Now was my first chance to look about, to discover what sort of place this was. It was an oval plain, roughly a mile wide by five miles long. Buildings, squat structures of corrugated iron, were scattered here and there. In the distance, to my left, what seemed a great hole in the ground glowed; a huge disk of light.

Dry land, here, where there should tie nothing but a waste of waters!..

The translucent green wall in whose depths I had seen the blind fish rushing toward me. Impossible! There were scientific miracle-workers in the enemy’s ranks, but they couldn’t have hollowed out a pit such as this in mid-ocean; forced back the very ocean to create this amphitheatre, this dry plain on the Atlantic's very bottom; held back the unthinkable weight of Earth's waters by a nothingness. Incredible!..

The great plain had been cleared by the ray. The dim shapes floating high in that far-circling ellipse were pouring down the dreadful vibrations, thus holding back the sea in a marvelous green wall. I remembered the sea-monster that had dashed at me and vanished. That proved it. The dome of cloud was camouflage, or the product of the processes of destruction going on underneath: it didn’t matter. What mattered was that it was interlaced by a network of ray beams. It was an impenetrable wall, a perfect defense...

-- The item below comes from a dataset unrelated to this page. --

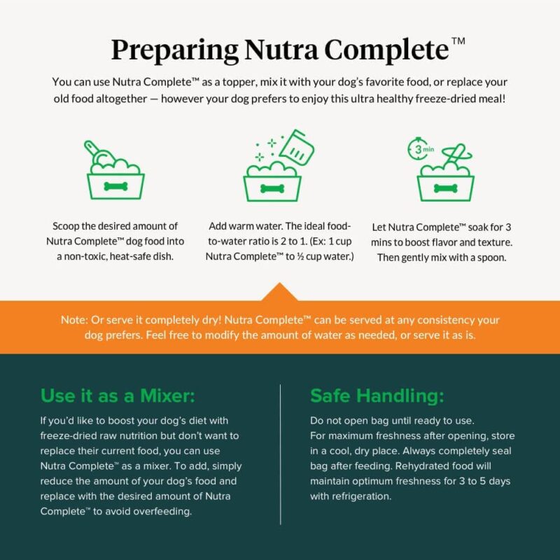 - USE AS FOOD OR AS MIXER – If you’d like to boost your dog’s diet with freeze-dried raw nutrition but don’t want to replace their current food, you can use Nutra Complete as a mixer. To add, simply reduce the amount of your dog’s food and replace with the desired amount of Nutra Complete to avoid overfeeding.
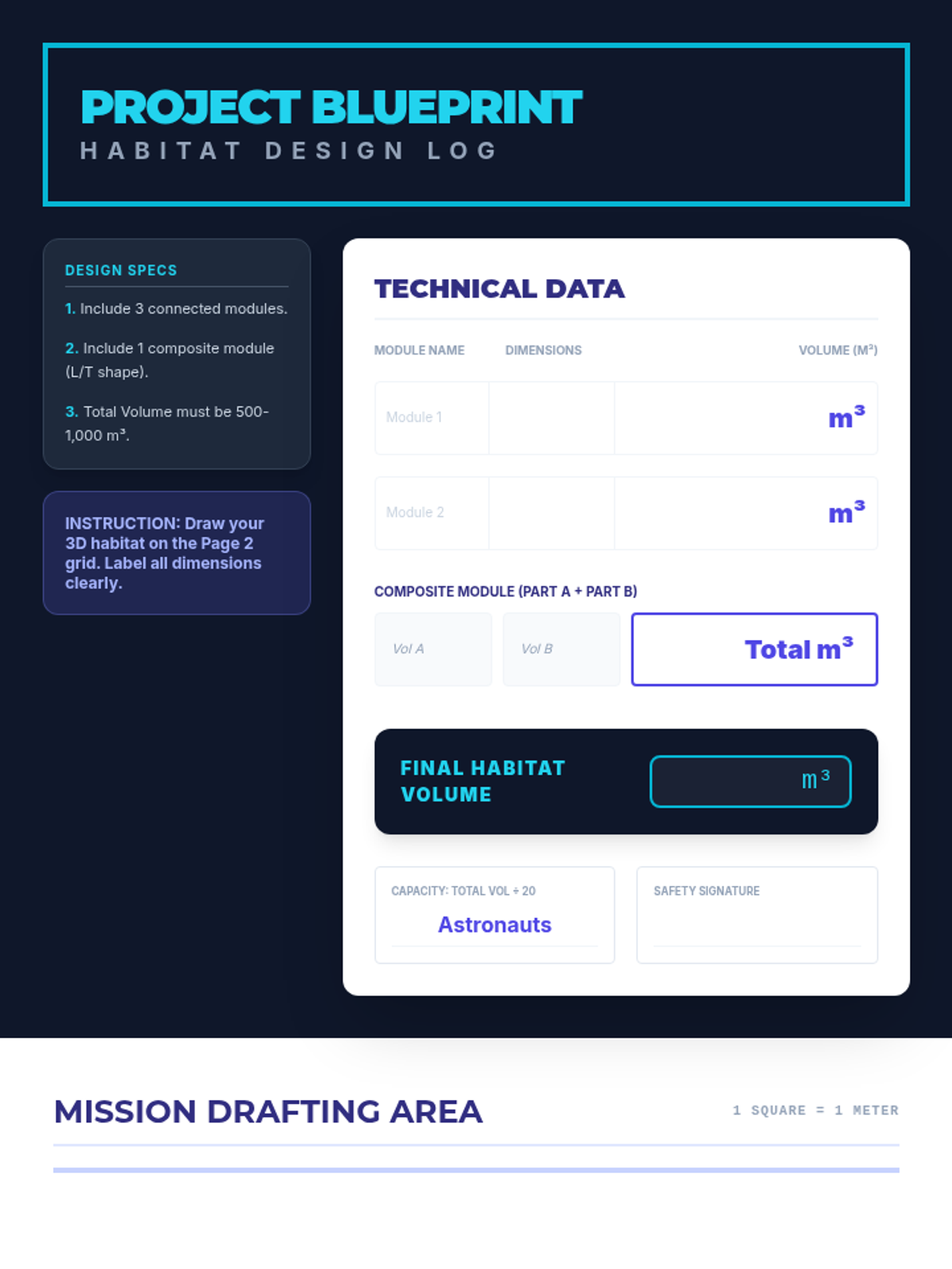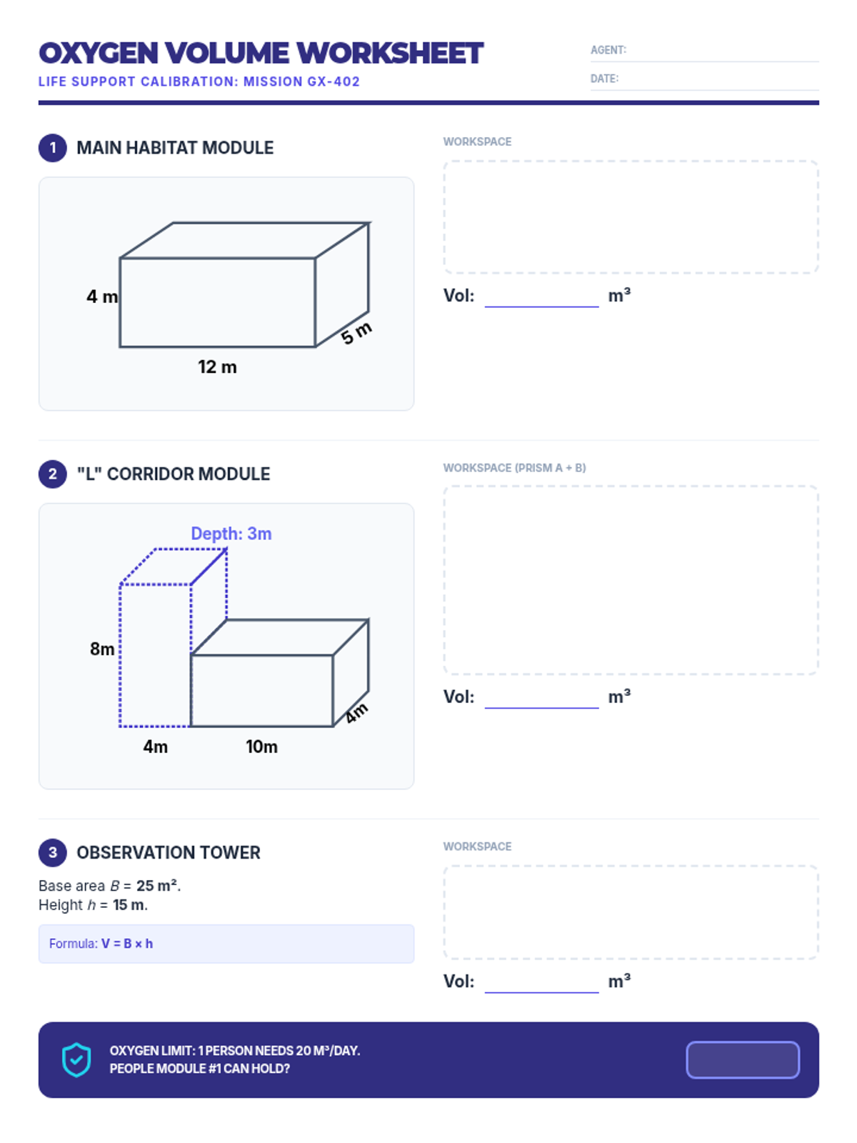 Students design futuristic space habitats by calculating the volume of rectangular prisms and composite figures to determine oxygen requirements. This lesson blends geometry with space exploration concepts for 4th and 5th grade students.

(The Zeta-Ray installation from'The Death-Cloud' by Schachner and Zagat)

A long row of giant electrode bulbs, as tall as a man, stretched before me — the source of the Zeta-ray. From here came the power that held back the waters, that bored the tunnel. A thunderous knocking shook the door. Someone at a huge switch-board turned toward me. Instantly my hand was out of my pocket, and the ray-tube leveled at the nearest bulb. I pressed the trigger. The bulb crashed. I swept down the line. Crash, crash, crash — they were all gone.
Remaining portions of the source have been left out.